The following is an unofficial and unedited transcript of a meeting of the Standing Committee on Aboriginal Affairs and Northern Development. This document is being sent for information purposes only and may not be quoted, as it may contain transcription errors. The edited, translated transcript will be available on the Committee’s website (
) within the next two weeks.
The Chair: Now we’ll go to Mr. Duncan, for seven minutes.
Mr. John Duncan (Vancouver Island North, CPC): Thank you very much, Mr. Chair.
You know, the committee’s in a very difficult spot. Here we are, we’re talking about an issue that’s fluid. Before you appeared today and we were talking about having you appear before the committee, I expressed a great concern about this because here we are talking about an email that none of us have seen.

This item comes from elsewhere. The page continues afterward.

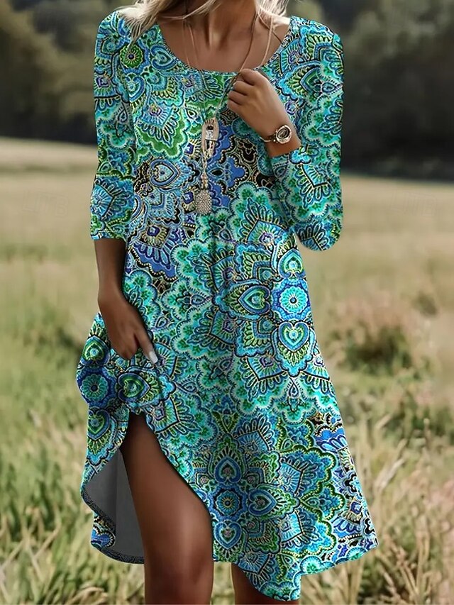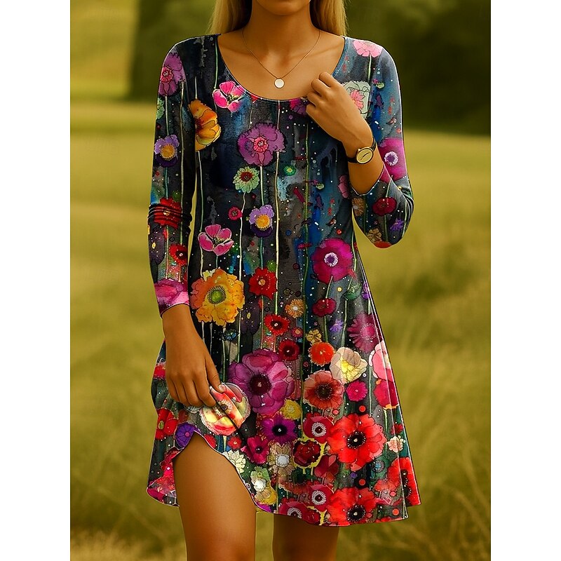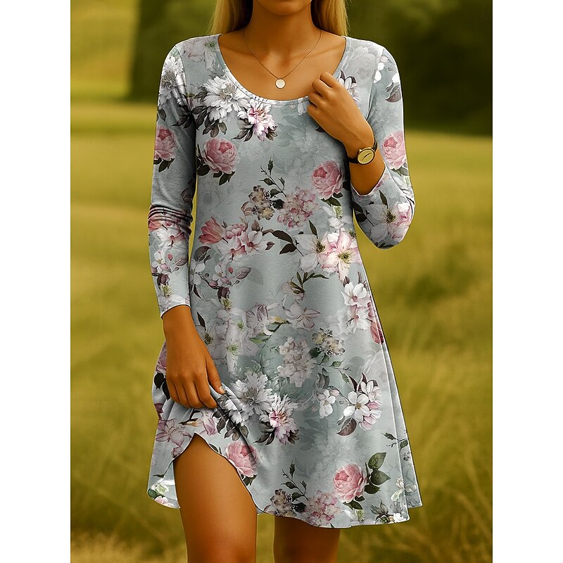 More information about Women's Midi Dress T Shirt Dress Tee Dress Sundress A Line Dress Casual Daily Holiday Date Regular Fit Floral Graphic Long Sleeve Crew Neck Black White Blue Dark Green Summer Spring Fall Winter

We’re talking about a situation where nothing is finalized. We’re being told different things by different people.
The statements that were just attributed to the minister, there was no certainty about anything about the statements. I think the statements made by the minister were quite appropriate at the time, and accurate and reflective of what was going on. The department has continued to take an active role and is very concerned about the situation. Of course our primary concern is with the students.
I took the time to look at the All Chiefs’ Task Force report from 2005. The problems at FN University predate 2005. It’s quite clear in that report. And a lot has changed since that time. There are 60 other institutions that are receiving ISSP funding. Enrollments at all of the universities and post secondary institutions that I have talked to, from the aboriginal and first nations communities are up, while they’re down at First Nations University. The enrollment numbers that I have show enrollment at First Nations University today is about one-half what it was in 1995. There’s been a steady decline.

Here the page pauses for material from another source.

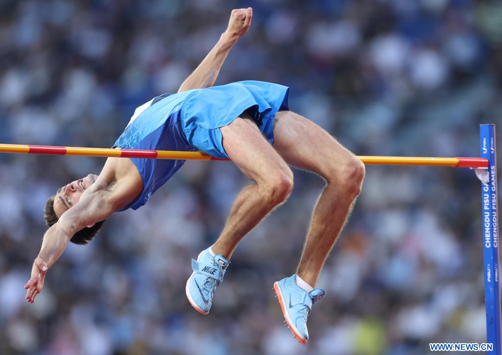 CHENGDU, 3 agosto, 2023 (Xinhua) -- Vladyslav Lavskyi, de Ucrania, compite durante la final masculina de salto de altura de atletismo en la 31ª edición de verano de los Juegos Mundiales Universitarios de la FISU, en Chengdu, en la provincia de Sichuan, en el suroeste de China, el 3 de agosto de 2023. (Xinhua/Jia Haocheng)

There are other options. Students have exercised their ability to go where they want to go and they’ve done so. At the same time, I appreciate what Mr. Lundy was saying about the faculty, the curriculum, and everything else. I think what we’re looking at is a concern about administration pure and simple.
I think something that hasn’t been talked about here—and I’d like to get in on the record.—There is a revenue to First Nations University and it’s approximately $1 million per year through the lease to the federal government of part of their building. That certainly is some core funding, I would say. The department has released $1.5 million this month to First Nations University—released or will be shortly releasing. That’s a result of two hold-backs that were being held back for late reporting.
I guess my question is will this not cover the activities to the end of the school year for the current students that are there, which has to be our first and foremost concern. Let’s make sure the students get through this session, which ends in April sometime. The second question I’d like to get some clarity on is where do we sit in terms of this debate that’s gone on about whether there are moneys in the scholarship fund or not? I know that’s been batted around quite a bit and it’d be nice if we could get some clarity on that.
The Chair: Decide amongst yourselves. If you all want to speak we’ll try to fit you all in. We’re sitting with about two minutes left, so 30-second responses if you’re able.
Mr. Randy Lundy: Thirty seconds each?
The Chair: Yes, about that. Go ahead.
Mr. Randy Lundy: Well, I’d just like to make a couple of observations. We’ve heard time and again that there are other options available for aboriginal students in the province. I think we’ve made a clear case that the options of the University of Regina and the University of Saskatchewan, with all due respect, don’t fulfill the needs of our students. They don’t have the same programming that we have, and they can’t suddenly erect that kind of programming.
The other options being referred to are that our students become plumbers and welders and don’t get a university education, because at the university level there aren’t other options.
As we’ve said, proposal based funding may work for other post-secondary institutions, but they don’t work at universities. We offer four-year degrees. You have tenured faculty. You cannot proceed on proposal based funding at a university level. That may be fine if you’re training people to be welders and plumbers, but that’s not what we’re about here.
I’ll defer the financial questions.
The Chair: Do Chief Lonechild or Ms. Myo want to get in there? Mr. Turk wants to as well.
Chief Guy Lonechild: We’ll both respond. I just wanted to say that again, I can’t reiterate any stronger to you that new leadership is at the helm of the FSIN. We had gained unanimous support at the chiefs and assembly that changes needed to be made, that mistakes were made. The scholarship money was a problem for the university. What we need to do is be able to ensure that those problems don’t happen again.
Our next steps, I’d like to maybe have Dorothy talk a little bit about that, but for the most part we’ve seen the problems in the last few months. Of course, the Minister of Indian Affairs has made some allowances for us to continue and make payroll, and some of the short-term objectives are to ensure that the students continue.
Our working efforts with the working group, again, will point to a much stronger institution in the future. Dorothy, if I can, I’d have you answer as well.
The Chair: Unfortunately, we are out of time there. Whatever thoughts you had there, the same with Mr. Turk, if you could, just hold those and then in the course of our next round you’ll have an opportunity to get on the floor and enunciate your point.